▶ _Task prompt_
Below are entries with pictures in them. Output exactly the lines starting at the line with "- Innovation (new" and ending at the line with "Stellen Sie sich", both included, but not the pictures.

Start of Entries shown

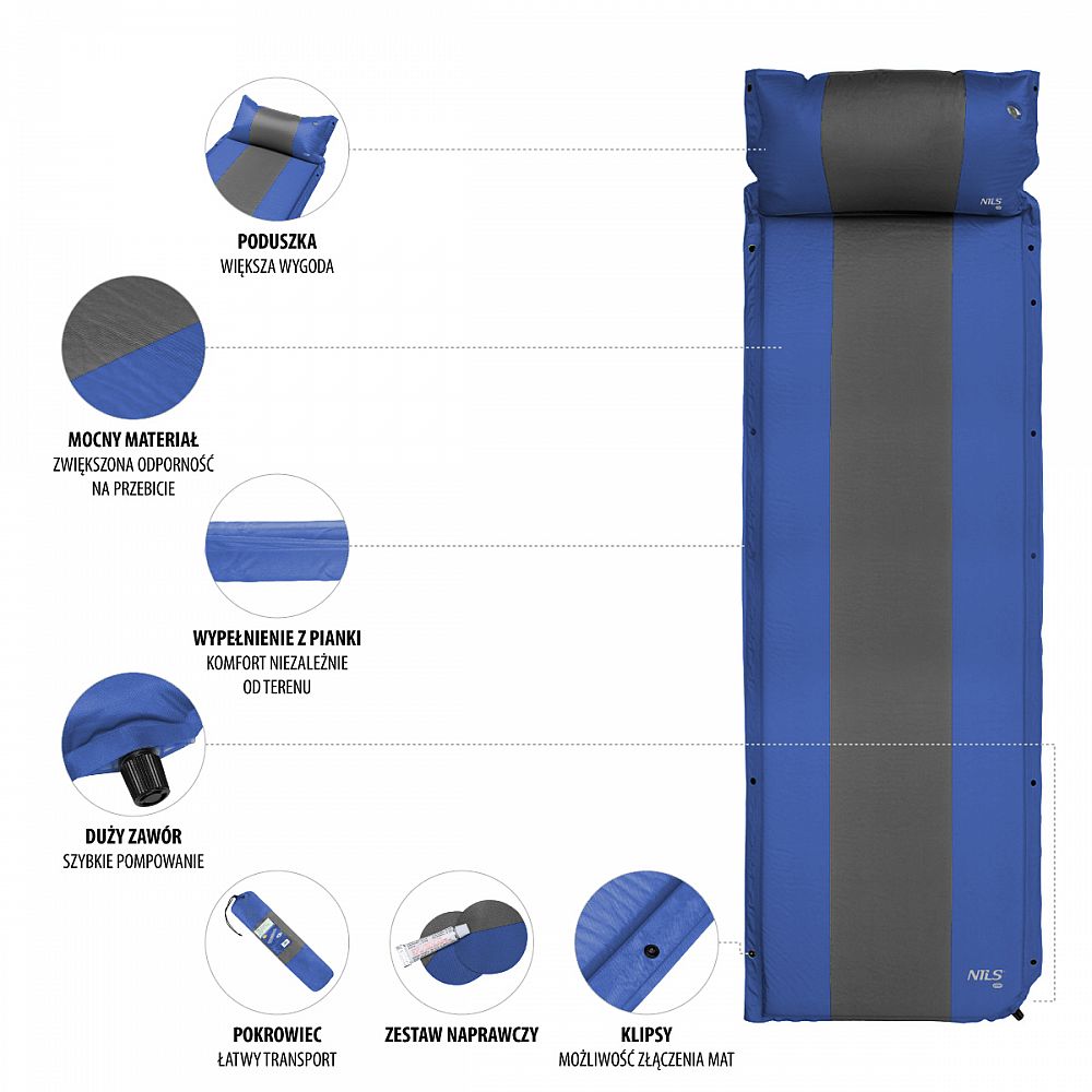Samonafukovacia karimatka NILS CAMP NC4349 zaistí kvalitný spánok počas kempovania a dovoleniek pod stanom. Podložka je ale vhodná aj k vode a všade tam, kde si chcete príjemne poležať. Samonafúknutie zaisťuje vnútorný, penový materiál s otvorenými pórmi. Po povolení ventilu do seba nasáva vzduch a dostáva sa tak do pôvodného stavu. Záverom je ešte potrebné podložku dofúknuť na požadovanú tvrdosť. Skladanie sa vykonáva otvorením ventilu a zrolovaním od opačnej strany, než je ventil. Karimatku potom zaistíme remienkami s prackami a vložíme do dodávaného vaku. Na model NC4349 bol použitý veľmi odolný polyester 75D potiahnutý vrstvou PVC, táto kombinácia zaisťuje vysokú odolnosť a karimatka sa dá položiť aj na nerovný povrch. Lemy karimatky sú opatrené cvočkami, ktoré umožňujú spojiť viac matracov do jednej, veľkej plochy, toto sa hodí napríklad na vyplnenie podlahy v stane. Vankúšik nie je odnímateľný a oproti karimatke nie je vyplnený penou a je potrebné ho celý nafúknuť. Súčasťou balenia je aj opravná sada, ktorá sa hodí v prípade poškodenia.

End of Entries shown
Start of Entries shown

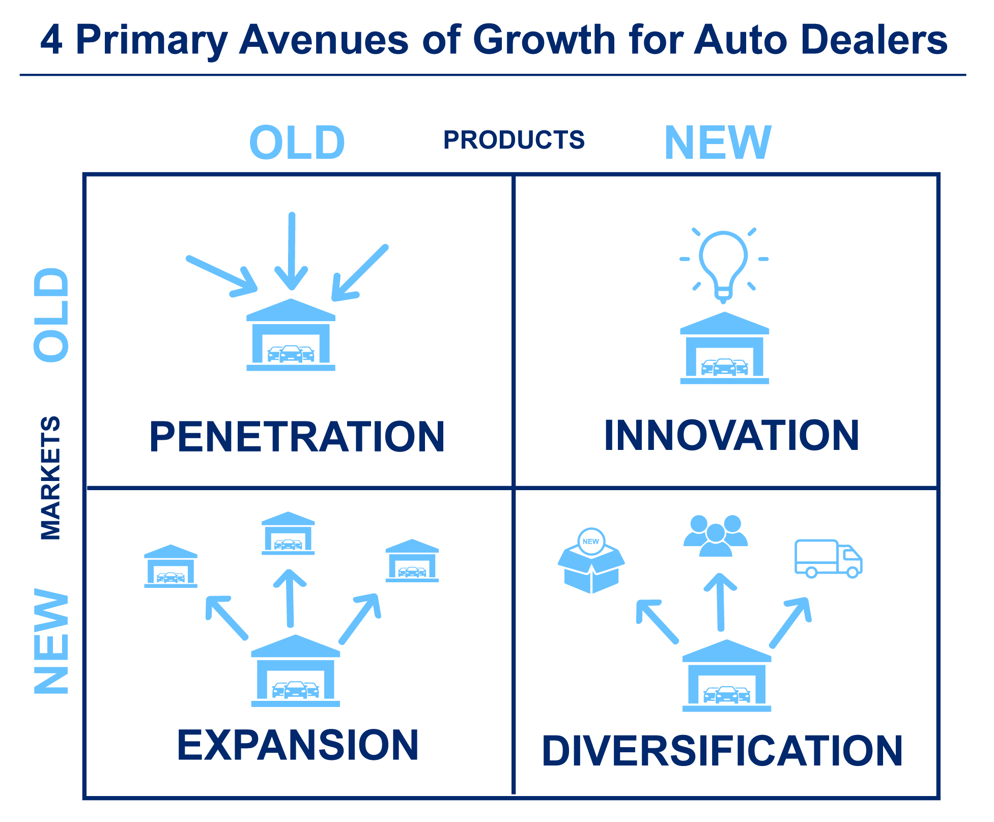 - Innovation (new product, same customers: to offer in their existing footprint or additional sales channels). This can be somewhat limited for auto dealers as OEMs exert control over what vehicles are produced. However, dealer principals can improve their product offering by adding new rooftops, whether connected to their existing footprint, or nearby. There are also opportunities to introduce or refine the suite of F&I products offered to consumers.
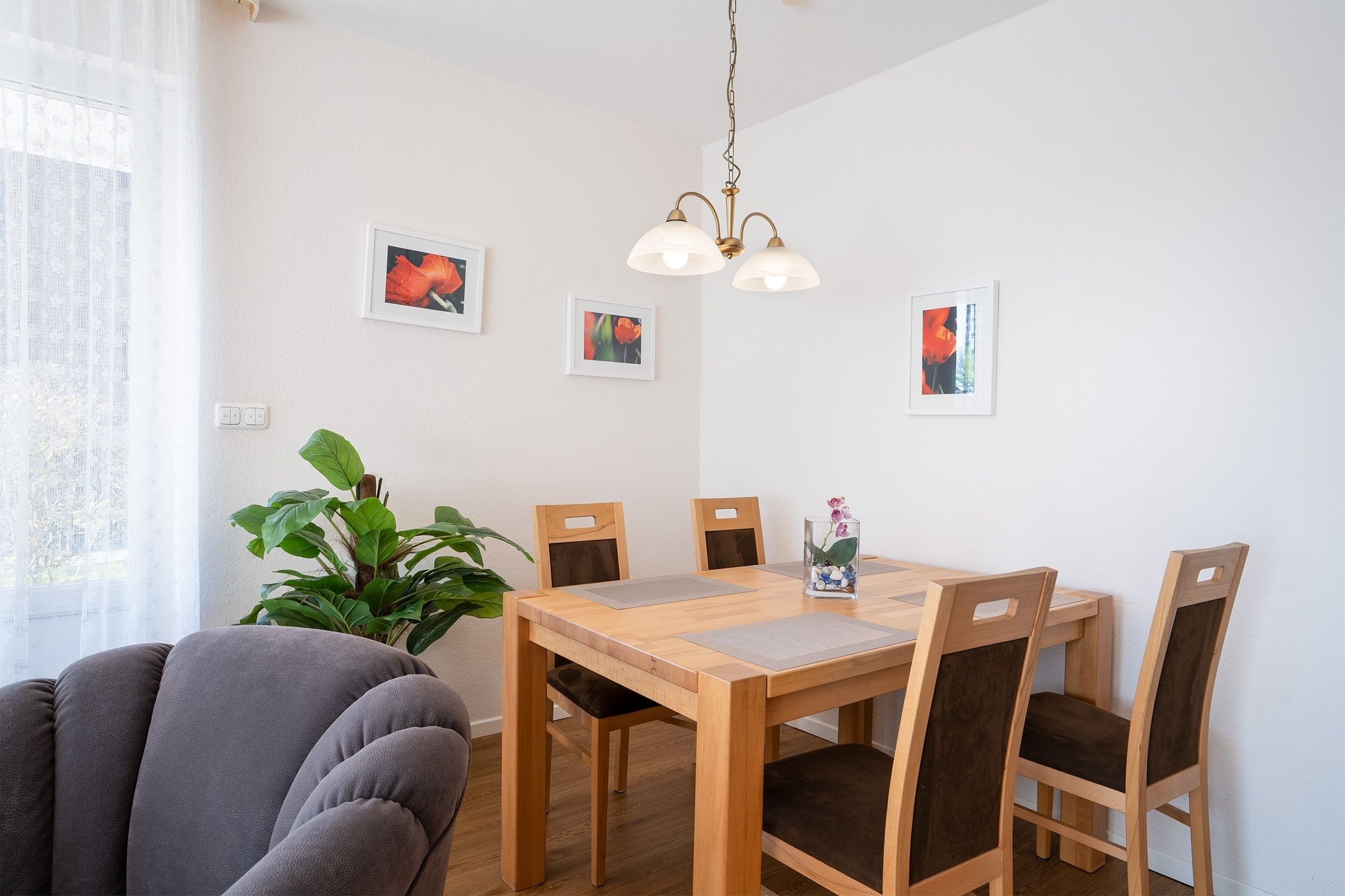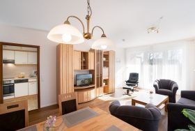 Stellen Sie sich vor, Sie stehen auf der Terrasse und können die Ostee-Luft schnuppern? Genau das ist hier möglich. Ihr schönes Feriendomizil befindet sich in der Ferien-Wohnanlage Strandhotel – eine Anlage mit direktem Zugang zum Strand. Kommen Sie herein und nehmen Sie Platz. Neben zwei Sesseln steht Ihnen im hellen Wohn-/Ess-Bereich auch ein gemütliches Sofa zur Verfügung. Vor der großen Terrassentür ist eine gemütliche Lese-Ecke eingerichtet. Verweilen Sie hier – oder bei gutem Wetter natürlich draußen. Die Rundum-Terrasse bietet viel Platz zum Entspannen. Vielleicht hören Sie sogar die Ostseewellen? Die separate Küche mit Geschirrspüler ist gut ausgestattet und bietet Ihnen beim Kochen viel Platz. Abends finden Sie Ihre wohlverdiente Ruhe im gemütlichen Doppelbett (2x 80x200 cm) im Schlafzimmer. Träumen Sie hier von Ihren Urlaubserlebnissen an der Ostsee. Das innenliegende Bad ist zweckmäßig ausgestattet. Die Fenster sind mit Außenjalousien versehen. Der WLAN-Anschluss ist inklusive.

End of Entries shown

▶ _Worked solution_
 - Innovation (new product, same customers: to offer in their existing footprint or additional sales channels). This can be somewhat limited for auto dealers as OEMs exert control over what vehicles are produced. However, dealer principals can improve their product offering by adding new rooftops, whether connected to their existing footprint, or nearby. There are also opportunities to introduce or refine the suite of F&I products offered to consumers.
 Stellen Sie sich vor, Sie stehen auf der Terrasse und können die Ostee-Luft schnuppern? Genau das ist hier möglich. Ihr schönes Feriendomizil befindet sich in der Ferien-Wohnanlage Strandhotel – eine Anlage mit direktem Zugang zum Strand. Kommen Sie herein und nehmen Sie Platz. Neben zwei Sesseln steht Ihnen im hellen Wohn-/Ess-Bereich auch ein gemütliches Sofa zur Verfügung. Vor der großen Terrassentür ist eine gemütliche Lese-Ecke eingerichtet. Verweilen Sie hier – oder bei gutem Wetter natürlich draußen. Die Rundum-Terrasse bietet viel Platz zum Entspannen. Vielleicht hören Sie sogar die Ostseewellen? Die separate Küche mit Geschirrspüler ist gut ausgestattet und bietet Ihnen beim Kochen viel Platz. Abends finden Sie Ihre wohlverdiente Ruhe im gemütlichen Doppelbett (2x 80x200 cm) im Schlafzimmer. Träumen Sie hier von Ihren Urlaubserlebnissen an der Ostsee. Das innenliegende Bad ist zweckmäßig ausgestattet. Die Fenster sind mit Außenjalousien versehen. Der WLAN-Anschluss ist inklusive.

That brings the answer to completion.